- **Task item**: Your task is to copy the listing exactly. Drop any pictures from the copy.

- **Source data**:
+ + + + +
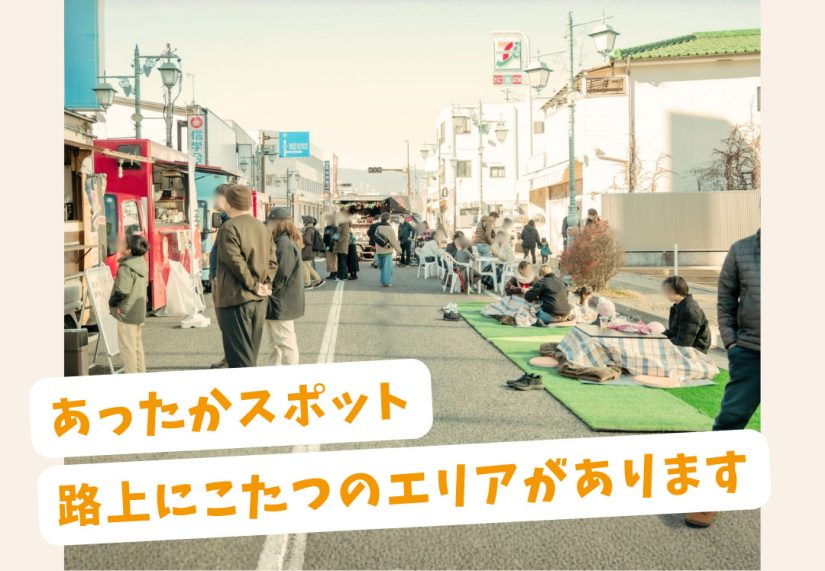 屋外の歩行者天国にもキッチンカーなどが並びます。マルシェには珍しいコタツも設置♪
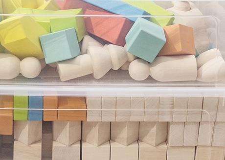 Kształt i kolor pojemników umożliwia dobieranie elementów z serii.
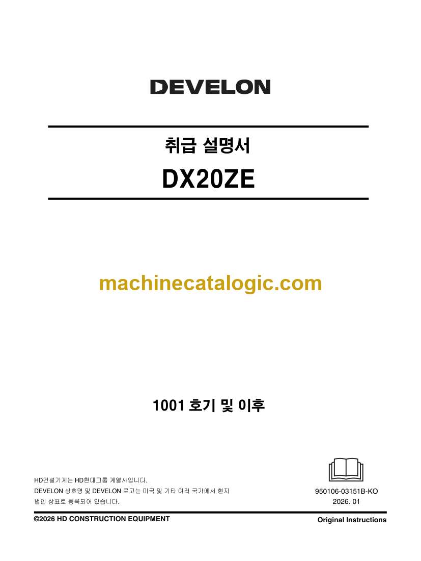 Develon DX20ZE Mini Excavator Operation and Maintenance Manual – Korean Language (한국어) (950106-03151B-KO)
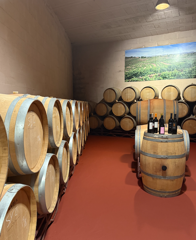 Prépare-toi à plonger dans une cave spectaculaire, accessible par une longue allée bordée de cyprès centenaires, qui s’achève sur une sculpture dédiée au métier de la vigne.
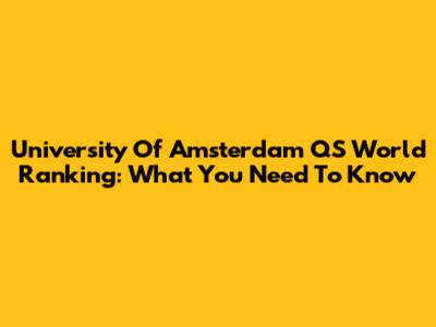 University Of Amsterdam QS World Ranking: What You Need To Know
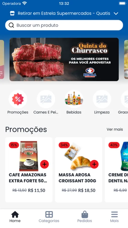 O aplicativo Estrela Supermercados oferece um amplo conjunto de funcionalidades com um visual moderno e intuitivo.
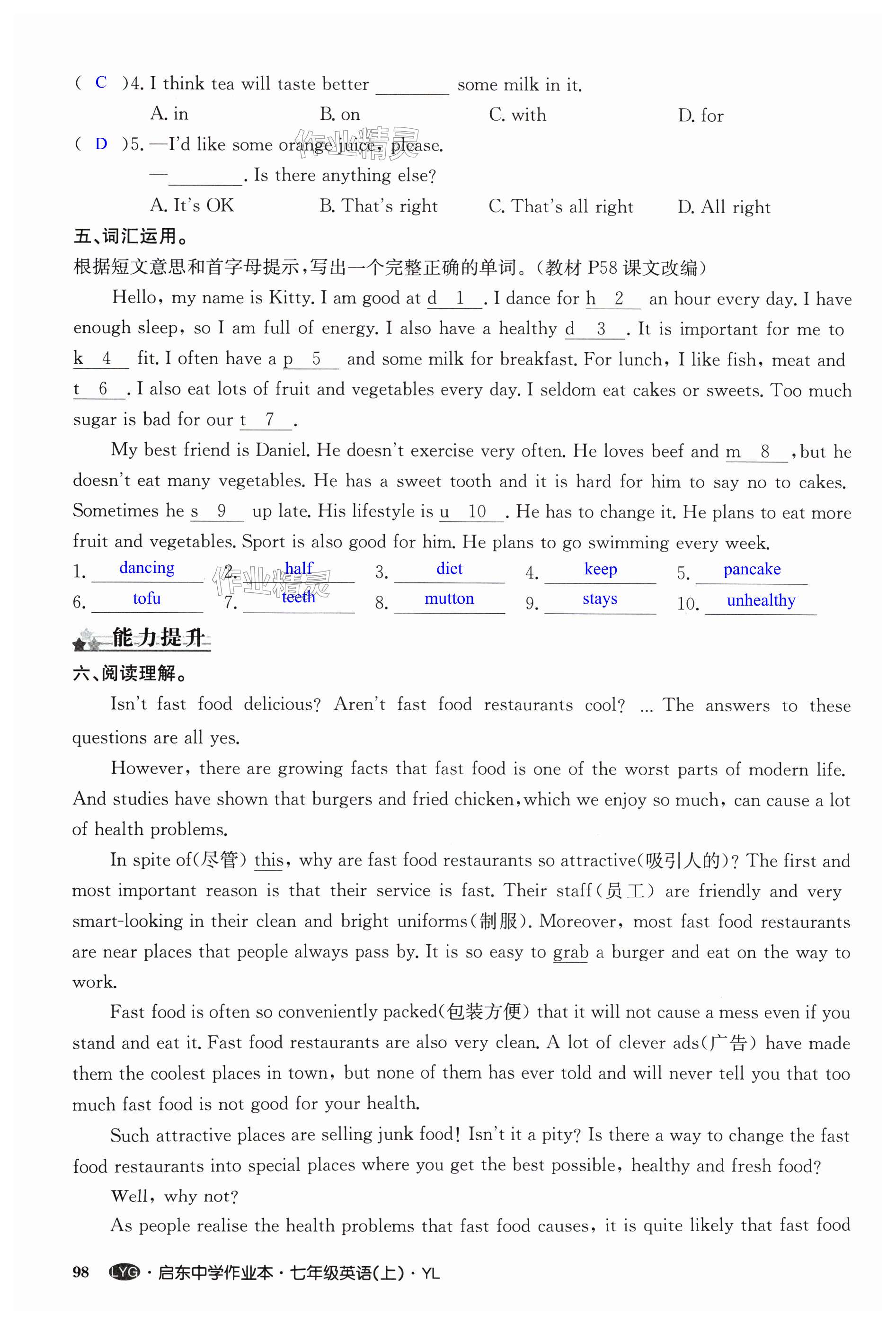 注:目前有些书本章节名称可能整理的还不是很完善,但都是按照顺序排列的,请同学们按照顺序仔细查找。练习册 2024年启东中学作业本七年级英语上册译林版连云港专版 答案主要是用来给同学们做完题方便对答案用的,请勿直接抄袭。
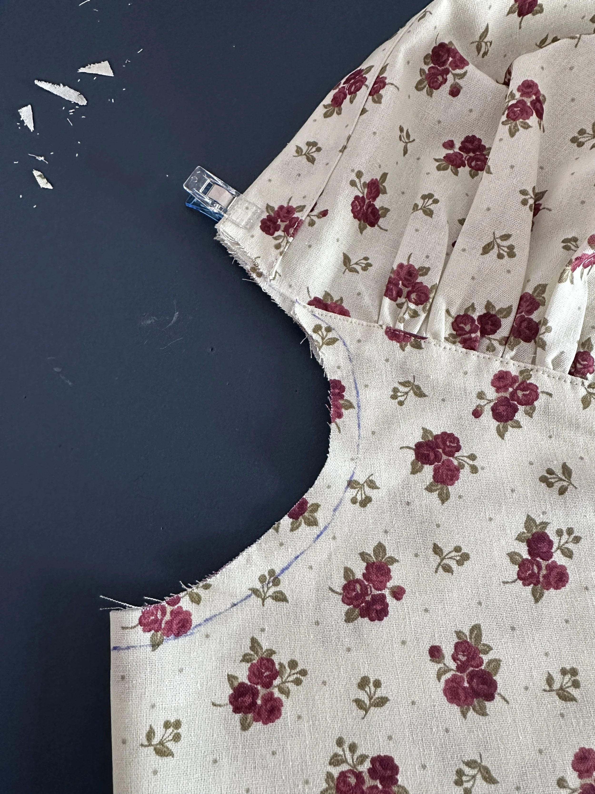The other hack is for the gathering stitches for the sleeves and back. When I put in the gathering stitches, I actually secured one end and only worked from the other end. It means I wasn’t fighting with two ends that could potentially come loose. That way, the gathers were much neater and exactly where I wanted them.
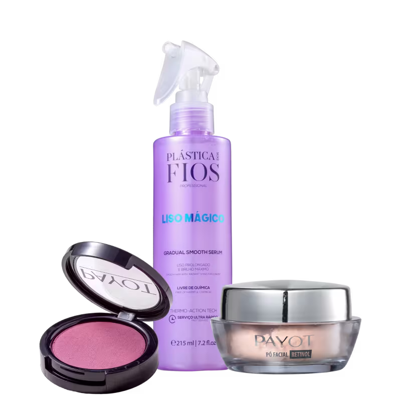 Kit com sérum antifrizz, blush e pó solto. Beleza na Web Magic Beauty oferece liso incrível aos fios, cor às maçãs do rosto e imperfeições disfarçadas.
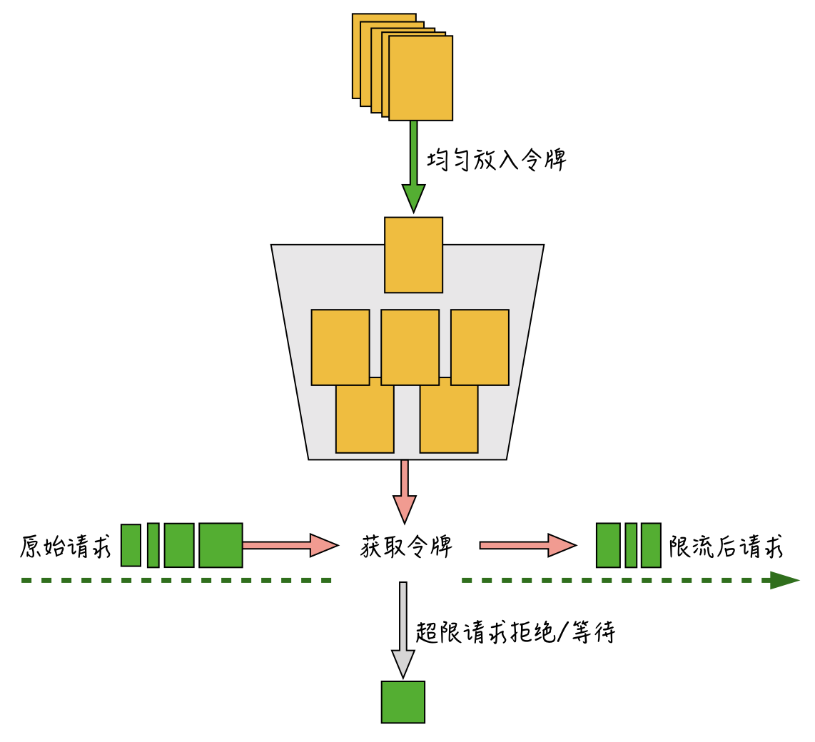 算法按一定速度均匀往桶里放入令牌,原始请求进入后,根据请求量从令牌桶里取出需要的令牌数,如果令牌数不够,会直接抛弃掉超限的请求或者进行等待,能成功获取到令牌的请求才会进入到后端服务器。
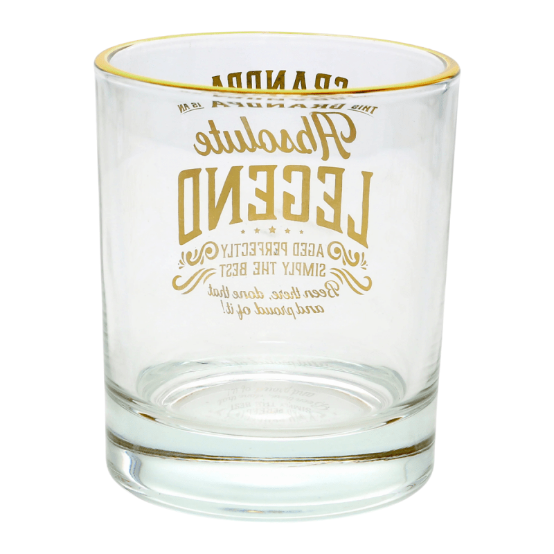 This old-fashioned rocks glass offers a classic and refined drinking experience. It features a gold electroplated rim and a bold front decal reading “This Grandpa Is An Absolute Legend, Aged Perfectly, Simply The Best, Been There, Done That And Proud Of It!” accented with banners and stars for a stylish touch.
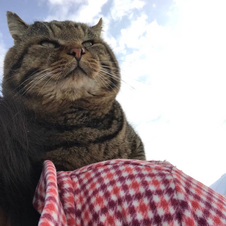 雪結晶を撮影していると背中に乗るんです #ボス猫 #キジトラ #ほぼ日ねこの日
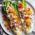 This Grilled Romaine Salad features crisp romaine lettuce charred to perfection and topped with crunchy garlic butter croutons, fresh radishes, carrot ribbons, grape tomatoes, and a creamy tangy lemon dressing made from Greek yogurt, olive oil, and parmesan cheese. A light, refreshing salad perfect as a starter or a side dish.
+ + + + +
- **Response to this exercise**:
 屋外の歩行者天国にもキッチンカーなどが並びます。マルシェには珍しいコタツも設置♪
 Kształt i kolor pojemników umożliwia dobieranie elementów z serii.
 Develon DX20ZE Mini Excavator Operation and Maintenance Manual – Korean Language (한국어) (950106-03151B-KO)
 Prépare-toi à plonger dans une cave spectaculaire, accessible par une longue allée bordée de cyprès centenaires, qui s’achève sur une sculpture dédiée au métier de la vigne.
 University Of Amsterdam QS World Ranking: What You Need To Know
 O aplicativo Estrela Supermercados oferece um amplo conjunto de funcionalidades com um visual moderno e intuitivo.
 注:目前有些书本章节名称可能整理的还不是很完善,但都是按照顺序排列的,请同学们按照顺序仔细查找。练习册 2024年启东中学作业本七年级英语上册译林版连云港专版 答案主要是用来给同学们做完题方便对答案用的,请勿直接抄袭。
The other hack is for the gathering stitches for the sleeves and back. When I put in the gathering stitches, I actually secured one end and only worked from the other end. It means I wasn’t fighting with two ends that could potentially come loose. That way, the gathers were much neater and exactly where I wanted them.
 Kit com sérum antifrizz, blush e pó solto. Beleza na Web Magic Beauty oferece liso incrível aos fios, cor às maçãs do rosto e imperfeições disfarçadas.
 算法按一定速度均匀往桶里放入令牌,原始请求进入后,根据请求量从令牌桶里取出需要的令牌数,如果令牌数不够,会直接抛弃掉超限的请求或者进行等待,能成功获取到令牌的请求才会进入到后端服务器。
 This old-fashioned rocks glass offers a classic and refined drinking experience. It features a gold electroplated rim and a bold front decal reading “This Grandpa Is An Absolute Legend, Aged Perfectly, Simply The Best, Been There, Done That And Proud Of It!” accented with banners and stars for a stylish touch.
 雪結晶を撮影していると背中に乗るんです #ボス猫 #キジトラ #ほぼ日ねこの日
 This Grilled Romaine Salad features crisp romaine lettuce charred to perfection and topped with crunchy garlic butter croutons, fresh radishes, carrot ribbons, grape tomatoes, and a creamy tangy lemon dressing made from Greek yogurt, olive oil, and parmesan cheese. A light, refreshing salad perfect as a starter or a side dish.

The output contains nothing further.